## The problem
Given the listing below, write out exactly the lines starting with the line that has "Детский цельный купальник" and going on through the line that has "ДАГОкна, компания по", both kept.

## Exercise material
────────────────────────────────────────
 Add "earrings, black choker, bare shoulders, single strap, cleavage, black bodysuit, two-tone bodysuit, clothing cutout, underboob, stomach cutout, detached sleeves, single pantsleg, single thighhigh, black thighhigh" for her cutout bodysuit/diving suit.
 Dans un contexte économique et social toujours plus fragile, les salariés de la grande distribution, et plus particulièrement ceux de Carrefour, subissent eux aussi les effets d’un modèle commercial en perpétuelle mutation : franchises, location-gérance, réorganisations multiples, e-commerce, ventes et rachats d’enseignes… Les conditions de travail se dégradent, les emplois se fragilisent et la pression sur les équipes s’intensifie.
────────────────────────────────────────
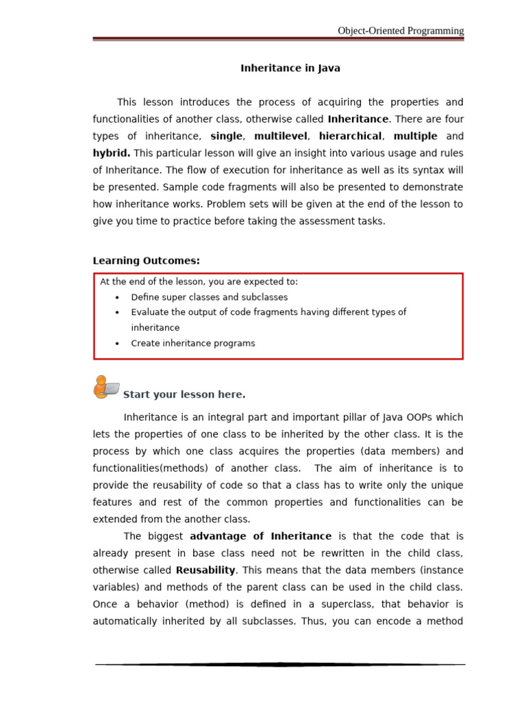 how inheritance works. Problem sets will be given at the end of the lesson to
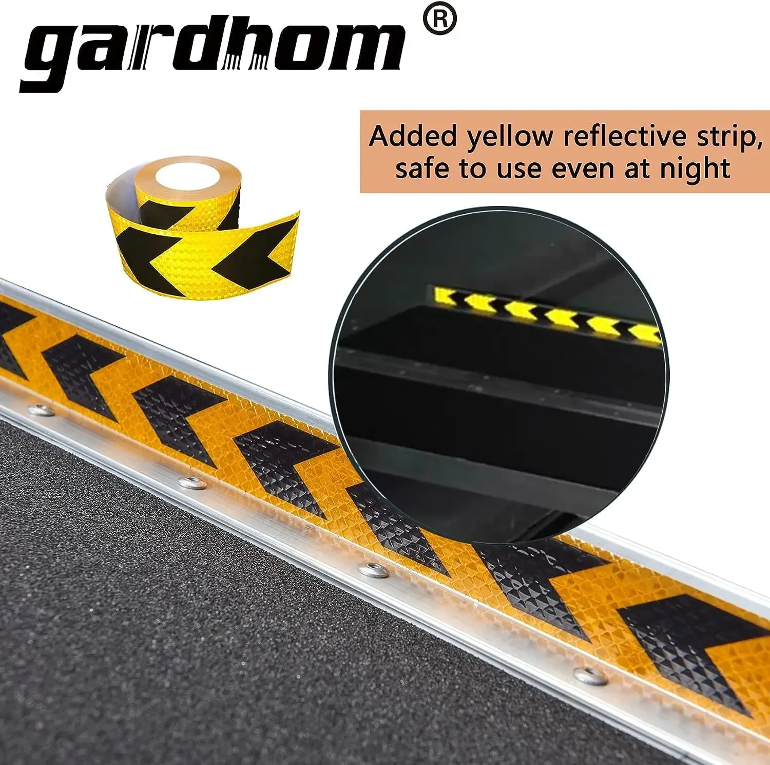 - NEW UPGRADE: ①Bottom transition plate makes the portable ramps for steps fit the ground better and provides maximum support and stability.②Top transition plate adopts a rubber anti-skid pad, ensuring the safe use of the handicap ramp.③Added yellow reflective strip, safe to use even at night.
────────────────────────────────────────
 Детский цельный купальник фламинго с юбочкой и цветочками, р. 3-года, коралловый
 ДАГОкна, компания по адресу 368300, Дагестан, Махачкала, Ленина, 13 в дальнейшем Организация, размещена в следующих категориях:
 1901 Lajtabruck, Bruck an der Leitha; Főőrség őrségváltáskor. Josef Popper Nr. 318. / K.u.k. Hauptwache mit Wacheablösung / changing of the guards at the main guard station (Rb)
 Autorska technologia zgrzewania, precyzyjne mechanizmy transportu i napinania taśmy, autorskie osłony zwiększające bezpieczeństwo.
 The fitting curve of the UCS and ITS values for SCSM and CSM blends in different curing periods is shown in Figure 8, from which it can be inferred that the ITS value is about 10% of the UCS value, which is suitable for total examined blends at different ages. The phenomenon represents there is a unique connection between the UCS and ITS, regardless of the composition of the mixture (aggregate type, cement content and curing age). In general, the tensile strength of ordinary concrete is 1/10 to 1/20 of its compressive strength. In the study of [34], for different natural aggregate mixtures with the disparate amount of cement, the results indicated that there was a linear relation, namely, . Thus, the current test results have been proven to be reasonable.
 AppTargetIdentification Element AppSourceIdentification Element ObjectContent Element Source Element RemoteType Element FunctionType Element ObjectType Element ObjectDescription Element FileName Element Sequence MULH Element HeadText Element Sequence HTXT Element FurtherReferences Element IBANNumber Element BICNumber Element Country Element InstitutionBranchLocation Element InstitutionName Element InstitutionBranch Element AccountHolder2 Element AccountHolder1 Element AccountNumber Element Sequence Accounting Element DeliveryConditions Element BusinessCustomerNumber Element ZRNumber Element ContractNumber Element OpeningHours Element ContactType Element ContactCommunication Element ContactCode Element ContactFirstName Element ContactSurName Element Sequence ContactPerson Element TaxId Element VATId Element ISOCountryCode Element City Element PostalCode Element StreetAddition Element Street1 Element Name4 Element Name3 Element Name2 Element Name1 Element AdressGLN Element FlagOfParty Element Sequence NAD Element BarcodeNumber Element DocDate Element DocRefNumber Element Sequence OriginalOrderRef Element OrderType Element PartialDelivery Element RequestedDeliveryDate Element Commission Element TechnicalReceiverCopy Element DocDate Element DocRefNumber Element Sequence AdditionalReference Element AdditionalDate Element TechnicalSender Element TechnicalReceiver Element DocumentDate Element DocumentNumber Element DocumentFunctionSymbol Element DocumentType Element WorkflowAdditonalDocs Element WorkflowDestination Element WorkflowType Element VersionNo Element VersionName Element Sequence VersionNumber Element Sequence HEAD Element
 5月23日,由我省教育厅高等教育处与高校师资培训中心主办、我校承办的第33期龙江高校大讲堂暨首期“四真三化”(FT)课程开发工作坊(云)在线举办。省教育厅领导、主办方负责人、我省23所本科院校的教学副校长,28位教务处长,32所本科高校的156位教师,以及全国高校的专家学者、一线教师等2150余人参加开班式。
────────────────────────────────────────
## Result of the exercise
 Детский цельный купальник фламинго с юбочкой и цветочками, р. 3-года, коралловый
 ДАГОкна, компания по адресу 368300, Дагестан, Махачкала, Ленина, 13 в дальнейшем Организация, размещена в следующих категориях:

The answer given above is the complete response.